第57回SF大会参加レポート

第57回SF大会参加レポート

これは方向性を見失ったレポートです。
もともと、SF大会に参加したことがない人に、少しでも雰囲気が伝わればいいな、とレポートを決意したものの、いざ参加してみたら途中でレポートする余裕を失った……という事情の所産です。
誤りなどございましたら、よければご指摘をお願いします。

SF大会について

私が初めてSF大会に参加したのは、昨年のことです。
大会の存在自体は、もしかしたらその前から知っていたかもしれません。

日本SF大会とは、と検索すれば色々情報が出てくることでしょう。
「全国のSFファンが集うイベントである」とか。
コミケとルーツを共有しているとか。
各大会を「○○コン」と呼ぶらしいとか。
「参加者の平均年齢が毎年一歳上昇する」とか。

さらに、「SFファン」について検索すると……。
とりあえず古今のSF小説を千冊単位で読破して、そらで軌道計算を行い、必要ならロボットを組み立て、さらには海外現代文学にも通暁している……その上で滅茶苦茶議論する、そんな人物像が思い描かれます。

要はSF大会とは黒帯たちの武道会。
ひよこが乗り込んだら入り口でシャッターと視線と高速詠唱によって八つ裂き。
そういう場所じゃないかなという印象を抱いても、無理はないことでしょう。

少なくとも一年半くらい前の私は、コワイイベントなんじゃないかと思っていました。

「早川や創元の文庫をちょっと読んだ。面白かったしSFは好きだと思うけれど、『SF読み』とは名乗れない。サイバーパンクとかニューウェーブとか詳しくないし……」
「SF研にも入ったことはない。人とどうやって話したらいいのかわからない」
という状態でした。

それでも参加したのは、ゲンロンの「SF創作講座」で、大森望さん(書評家・翻訳家)や、まわりの受講生の方から、「こわくない」といったことを吹き込まれたためでした。

(なんか新興宗教の勧誘臭いな)

でまあ参加してみると、意外とマイルドな、というか、気楽な場所でした。
そして、何より、そこで初めて知り合った人たちと、話が盛り上がるのが楽しかった。
ということで、今年も参加してみることにしました。

SF大会の構成

SF大会は、昨年の初参戦のときに大変ありがたかったことに、多数の「企画」を含んでいる。
含んでいるというか、大学における講義のような感じで、出ようと思えばほとんど一日どこかの企画に出られる。(講義にでなくてもいいように、大会でも、企画には出なくてもいい。物販コーナーをうろついたり、誰かと立ち話したり、会場の外に行ったり。そのまま消息不明になる人もいるかもしれない)

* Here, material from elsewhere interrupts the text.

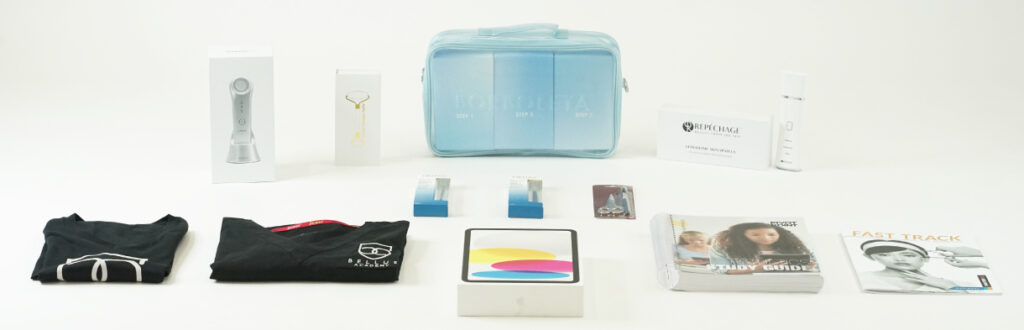 Bellus Academy offers four different Esthetics kits to students, depending on which program they choose. Each program comes with technology tools like an iPad, uniforms, including scrub tops and pants, and personalized business cards. The other kit items are program-specific and include::

内容は色々。今年は海外SFの紹介のコマが、中国、韓国、インドといくつかあって、印象的だった。
オペラ歌手のうたうアニソンを聴くというようなものもある。

進め方には、
・ゲスト参加者たちがテーマに沿って話していくもの
・そこに来た全員で話し合うもの、なにかをつくるもの
・上映会
などがある。

企画には、大会運営が計画するものもある一方、参加者の有志が立ち上げるものも少なくない。
たとえば「暗黒星雲賞」という「星雲賞」のパロディ企画も、参加者の加藤氏が立ち上げ、30年近く継続しているものであるらしい。
参加者がつくることのできるイベントなのかもしれない。

大会の企画一覧(
リンク
企画タイムテーブル(PDF, URL http://www.juracon.jp/img/timetable.pdf)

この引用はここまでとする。